Fermati un istante

Azzurri, grigi, verdi. Sfumature tenui e al contempo plumbee che ricordano i dipinti romantici del grande Turner. 

Il lago d’inverno esprime la sua natura più autentica, quella un po’ malinconica, solitaria ma rassicurante. Quella natura in cui rispecchiarsi e rifugiarsi per ritrovarsi. 

Amo passeggiare in silenzio lungo le sue sponde, dove finalmente son tornati ad essere padroni di casa gabbiani, anatre, folaghe e i pochi cigni superstiti di chissà quale misteriosa deportazione di cui nessuno parla.

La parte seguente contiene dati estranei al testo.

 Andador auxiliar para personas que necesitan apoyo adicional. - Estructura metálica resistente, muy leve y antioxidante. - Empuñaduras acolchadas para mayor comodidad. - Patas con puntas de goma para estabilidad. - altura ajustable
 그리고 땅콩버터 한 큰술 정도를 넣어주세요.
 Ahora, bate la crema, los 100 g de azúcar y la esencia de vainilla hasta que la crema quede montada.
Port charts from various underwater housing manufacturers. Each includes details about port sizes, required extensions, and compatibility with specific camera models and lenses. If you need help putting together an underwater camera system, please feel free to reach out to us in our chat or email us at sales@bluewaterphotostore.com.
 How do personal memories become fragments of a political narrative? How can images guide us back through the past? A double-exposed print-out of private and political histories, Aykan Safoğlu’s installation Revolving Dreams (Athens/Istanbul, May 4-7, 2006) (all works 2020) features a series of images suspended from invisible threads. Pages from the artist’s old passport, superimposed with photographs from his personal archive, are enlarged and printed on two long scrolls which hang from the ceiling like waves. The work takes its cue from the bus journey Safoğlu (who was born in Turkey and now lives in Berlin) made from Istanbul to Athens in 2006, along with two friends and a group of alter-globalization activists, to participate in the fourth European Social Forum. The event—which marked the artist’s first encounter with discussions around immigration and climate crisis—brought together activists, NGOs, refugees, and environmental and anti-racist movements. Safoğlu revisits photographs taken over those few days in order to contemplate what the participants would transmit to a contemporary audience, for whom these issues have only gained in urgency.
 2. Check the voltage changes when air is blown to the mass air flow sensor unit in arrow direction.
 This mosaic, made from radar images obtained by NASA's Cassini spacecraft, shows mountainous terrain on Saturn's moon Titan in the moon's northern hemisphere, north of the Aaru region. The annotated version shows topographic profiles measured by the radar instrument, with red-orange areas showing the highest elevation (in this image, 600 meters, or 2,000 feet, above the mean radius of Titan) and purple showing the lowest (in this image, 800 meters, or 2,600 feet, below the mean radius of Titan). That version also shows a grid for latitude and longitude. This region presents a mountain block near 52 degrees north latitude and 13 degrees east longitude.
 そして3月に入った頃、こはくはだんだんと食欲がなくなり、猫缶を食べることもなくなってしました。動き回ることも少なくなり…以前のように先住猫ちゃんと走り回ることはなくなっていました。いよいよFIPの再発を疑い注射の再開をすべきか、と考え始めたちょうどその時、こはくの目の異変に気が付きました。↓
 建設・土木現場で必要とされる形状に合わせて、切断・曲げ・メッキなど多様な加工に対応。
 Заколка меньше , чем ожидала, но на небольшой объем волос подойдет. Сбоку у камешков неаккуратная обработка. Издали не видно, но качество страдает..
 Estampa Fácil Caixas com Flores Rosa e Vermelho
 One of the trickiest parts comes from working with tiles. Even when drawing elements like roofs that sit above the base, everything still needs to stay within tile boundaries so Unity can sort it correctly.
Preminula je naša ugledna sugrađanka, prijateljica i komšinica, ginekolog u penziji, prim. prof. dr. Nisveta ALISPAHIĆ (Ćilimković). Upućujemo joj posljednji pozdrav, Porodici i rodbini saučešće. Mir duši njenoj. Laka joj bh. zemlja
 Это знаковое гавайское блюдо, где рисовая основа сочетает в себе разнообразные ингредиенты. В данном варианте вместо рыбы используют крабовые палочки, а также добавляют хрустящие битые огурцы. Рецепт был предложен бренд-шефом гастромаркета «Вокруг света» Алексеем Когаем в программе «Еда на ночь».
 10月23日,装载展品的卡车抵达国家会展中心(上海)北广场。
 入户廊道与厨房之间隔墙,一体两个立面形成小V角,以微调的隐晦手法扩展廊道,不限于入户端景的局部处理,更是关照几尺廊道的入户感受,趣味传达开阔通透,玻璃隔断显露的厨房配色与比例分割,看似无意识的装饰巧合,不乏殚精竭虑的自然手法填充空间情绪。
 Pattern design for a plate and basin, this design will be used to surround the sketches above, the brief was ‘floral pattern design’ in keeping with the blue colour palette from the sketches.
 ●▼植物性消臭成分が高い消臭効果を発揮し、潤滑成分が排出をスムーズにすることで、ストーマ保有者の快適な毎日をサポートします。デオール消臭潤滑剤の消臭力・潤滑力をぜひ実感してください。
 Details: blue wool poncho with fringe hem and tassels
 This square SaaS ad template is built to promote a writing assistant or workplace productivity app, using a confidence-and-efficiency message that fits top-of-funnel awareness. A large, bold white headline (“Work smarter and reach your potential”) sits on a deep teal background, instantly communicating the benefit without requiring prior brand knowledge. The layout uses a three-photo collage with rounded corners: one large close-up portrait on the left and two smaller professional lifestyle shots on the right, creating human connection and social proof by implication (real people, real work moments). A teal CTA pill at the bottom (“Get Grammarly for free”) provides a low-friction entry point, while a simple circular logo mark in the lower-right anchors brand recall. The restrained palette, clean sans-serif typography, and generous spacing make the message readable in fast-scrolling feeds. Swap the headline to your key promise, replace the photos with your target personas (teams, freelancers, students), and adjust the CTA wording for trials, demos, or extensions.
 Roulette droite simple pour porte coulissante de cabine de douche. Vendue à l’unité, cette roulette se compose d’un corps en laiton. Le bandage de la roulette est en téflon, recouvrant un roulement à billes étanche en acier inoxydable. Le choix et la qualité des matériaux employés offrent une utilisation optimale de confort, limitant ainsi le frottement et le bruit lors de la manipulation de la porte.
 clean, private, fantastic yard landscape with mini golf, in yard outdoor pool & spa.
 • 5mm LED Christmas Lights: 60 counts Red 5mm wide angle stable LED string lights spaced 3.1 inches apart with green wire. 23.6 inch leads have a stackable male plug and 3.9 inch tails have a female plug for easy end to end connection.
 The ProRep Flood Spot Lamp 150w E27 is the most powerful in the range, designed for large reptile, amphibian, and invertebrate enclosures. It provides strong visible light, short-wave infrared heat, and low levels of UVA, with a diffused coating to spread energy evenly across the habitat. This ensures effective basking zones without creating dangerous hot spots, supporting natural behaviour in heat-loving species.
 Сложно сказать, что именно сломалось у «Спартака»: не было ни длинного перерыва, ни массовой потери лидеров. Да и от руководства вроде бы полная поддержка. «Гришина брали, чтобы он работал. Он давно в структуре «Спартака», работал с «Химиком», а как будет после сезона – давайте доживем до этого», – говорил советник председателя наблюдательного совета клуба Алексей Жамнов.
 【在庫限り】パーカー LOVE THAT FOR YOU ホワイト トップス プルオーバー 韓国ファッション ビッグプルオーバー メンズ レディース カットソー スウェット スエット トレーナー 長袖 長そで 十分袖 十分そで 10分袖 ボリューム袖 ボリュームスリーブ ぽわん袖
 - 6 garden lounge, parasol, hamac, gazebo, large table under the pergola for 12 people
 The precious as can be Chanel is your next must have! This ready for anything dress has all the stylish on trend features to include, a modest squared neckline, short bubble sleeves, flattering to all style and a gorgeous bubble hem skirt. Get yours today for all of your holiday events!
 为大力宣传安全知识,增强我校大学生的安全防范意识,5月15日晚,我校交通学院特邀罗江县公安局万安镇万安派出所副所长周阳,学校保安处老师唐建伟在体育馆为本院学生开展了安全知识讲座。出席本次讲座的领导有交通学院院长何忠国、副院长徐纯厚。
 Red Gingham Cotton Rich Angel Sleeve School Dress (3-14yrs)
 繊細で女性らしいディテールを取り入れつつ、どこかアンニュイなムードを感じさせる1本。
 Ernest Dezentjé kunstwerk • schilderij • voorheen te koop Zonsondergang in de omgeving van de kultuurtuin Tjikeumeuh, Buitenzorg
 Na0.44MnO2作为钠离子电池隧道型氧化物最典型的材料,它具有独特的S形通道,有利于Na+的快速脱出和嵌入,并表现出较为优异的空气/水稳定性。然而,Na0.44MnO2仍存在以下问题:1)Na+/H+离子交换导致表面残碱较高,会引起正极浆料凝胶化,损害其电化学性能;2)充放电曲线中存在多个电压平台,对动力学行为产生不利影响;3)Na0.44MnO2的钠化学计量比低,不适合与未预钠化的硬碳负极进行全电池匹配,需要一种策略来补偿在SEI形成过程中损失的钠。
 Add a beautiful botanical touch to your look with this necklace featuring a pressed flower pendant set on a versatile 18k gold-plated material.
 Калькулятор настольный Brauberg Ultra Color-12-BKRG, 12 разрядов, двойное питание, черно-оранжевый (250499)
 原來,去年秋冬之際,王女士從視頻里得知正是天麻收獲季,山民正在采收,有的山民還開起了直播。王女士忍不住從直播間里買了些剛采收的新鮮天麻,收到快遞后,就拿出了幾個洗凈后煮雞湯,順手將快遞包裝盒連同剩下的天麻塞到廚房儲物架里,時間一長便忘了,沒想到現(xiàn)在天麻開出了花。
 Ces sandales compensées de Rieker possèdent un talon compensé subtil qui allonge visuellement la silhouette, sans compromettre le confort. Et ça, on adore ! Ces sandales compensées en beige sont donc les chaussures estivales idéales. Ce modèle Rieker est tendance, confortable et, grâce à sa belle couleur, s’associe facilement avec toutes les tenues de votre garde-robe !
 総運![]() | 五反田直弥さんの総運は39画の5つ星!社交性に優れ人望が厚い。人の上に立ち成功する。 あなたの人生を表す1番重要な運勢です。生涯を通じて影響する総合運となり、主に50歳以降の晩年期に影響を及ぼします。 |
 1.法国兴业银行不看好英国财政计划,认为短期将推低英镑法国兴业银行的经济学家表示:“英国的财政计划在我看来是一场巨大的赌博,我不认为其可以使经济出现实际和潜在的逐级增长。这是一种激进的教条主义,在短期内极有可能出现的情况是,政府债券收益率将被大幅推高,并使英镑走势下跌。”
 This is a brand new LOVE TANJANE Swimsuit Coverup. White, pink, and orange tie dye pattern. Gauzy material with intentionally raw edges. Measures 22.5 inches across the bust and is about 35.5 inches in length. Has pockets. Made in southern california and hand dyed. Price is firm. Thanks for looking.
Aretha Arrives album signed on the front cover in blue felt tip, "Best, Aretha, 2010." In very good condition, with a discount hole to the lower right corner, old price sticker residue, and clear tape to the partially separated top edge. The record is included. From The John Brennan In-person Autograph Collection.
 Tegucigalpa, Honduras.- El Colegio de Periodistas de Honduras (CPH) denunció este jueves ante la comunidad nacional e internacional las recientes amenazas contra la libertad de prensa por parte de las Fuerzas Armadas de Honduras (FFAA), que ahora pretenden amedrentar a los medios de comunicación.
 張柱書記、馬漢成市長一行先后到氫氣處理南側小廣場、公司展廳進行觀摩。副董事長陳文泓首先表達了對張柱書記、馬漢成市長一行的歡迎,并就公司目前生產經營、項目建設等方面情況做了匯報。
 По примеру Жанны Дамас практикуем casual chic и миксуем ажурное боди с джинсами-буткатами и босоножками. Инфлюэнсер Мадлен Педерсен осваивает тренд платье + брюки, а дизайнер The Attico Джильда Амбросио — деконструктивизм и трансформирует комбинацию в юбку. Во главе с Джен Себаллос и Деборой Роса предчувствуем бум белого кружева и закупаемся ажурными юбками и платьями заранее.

L’assenza di turisti e la situazione nebulosa che limita le persone a circolare liberamente regalano, paradossalmente, un’atmosfera lacustre perfetta. E così anche il lago pare mettersi in posa, protagonista di foto improvvisate che immortalano tutta la bellezza della sua apparente immobilità.

Sì, apparente. Perché ad ogni sguardo il lago muta, non è mai identico a se stesso. Basta una luce, un soffio di vento, un battito d’ali, un millimetro più avanti o un secondo più tardi … ecco che lo stesso specchio liquido si rivela sorprendentemente nuovo, diverso, unico nella sua placida essenza.

Irresistibile, dunque, fotografarlo decine e decine di volte nella sua lenta e seducente esibizione. E allora penso: non è questo, forse, un disperato e illusorio bisogno di fermare il tempo rinchiudendolo dentro il semplice click di uno scatto? L’emozione di un attimo che diventa ricordo nell’istante stesso del suo nascere.

“Scatto”! La contraddizione è buffa, se ci si pensa: per definizione un moto brusco e subitaneo si rivela l’unico mezzo umanamente possibile, forse, per dire al tempo “fermati un istante” e scolpirlo nella memoria per sempre. Perché che cos’è la memoria se non una collezione di istanti, ricamati di azzurri, di grigi, di verdi … che dagli occhi scivolano piano fino in fondo al cuore.